(Dataset content begins)
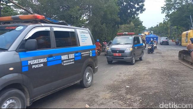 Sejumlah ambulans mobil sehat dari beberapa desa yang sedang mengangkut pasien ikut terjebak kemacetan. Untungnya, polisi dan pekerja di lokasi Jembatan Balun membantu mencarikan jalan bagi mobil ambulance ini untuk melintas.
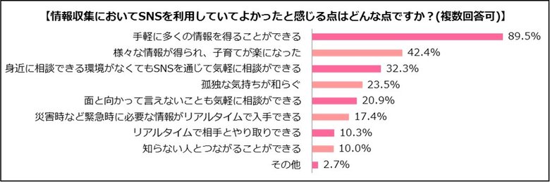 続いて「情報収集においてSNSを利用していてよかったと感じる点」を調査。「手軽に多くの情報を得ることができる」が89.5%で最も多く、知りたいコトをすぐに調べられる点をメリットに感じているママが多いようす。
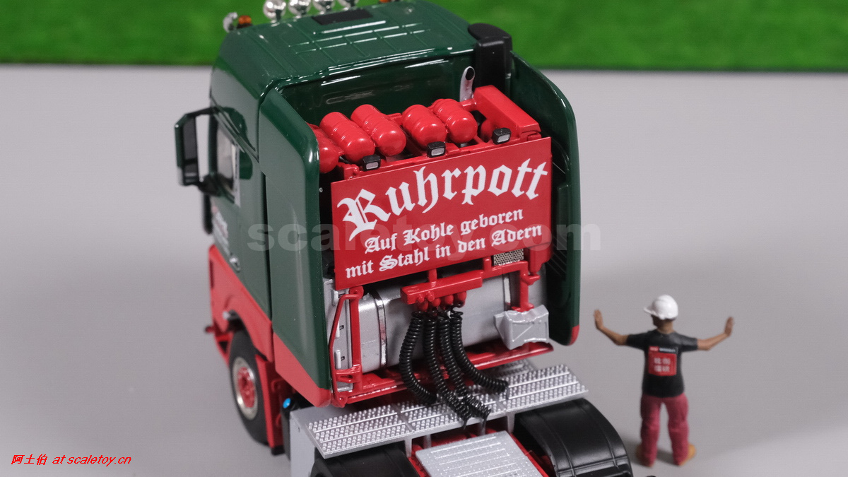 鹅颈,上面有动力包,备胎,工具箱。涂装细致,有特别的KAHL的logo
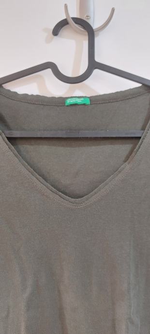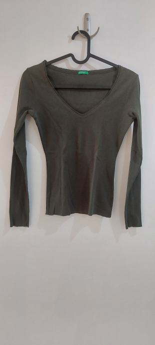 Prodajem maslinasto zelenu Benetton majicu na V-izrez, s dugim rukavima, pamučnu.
(Dataset content ends)
-- Problem requirements --
Your copy must consist solely of the lines from the one containing "鹅颈,上面有动力包,备胎,工具箱。涂装细致,有特别的KAHL的logo" through the final line of the material above, transcribed exactly, with the pictures left out.

-- Written answer --
 鹅颈,上面有动力包,备胎,工具箱。涂装细致,有特别的KAHL的logo
 Prodajem maslinasto zelenu Benetton majicu na V-izrez, s dugim rukavima, pamučnu.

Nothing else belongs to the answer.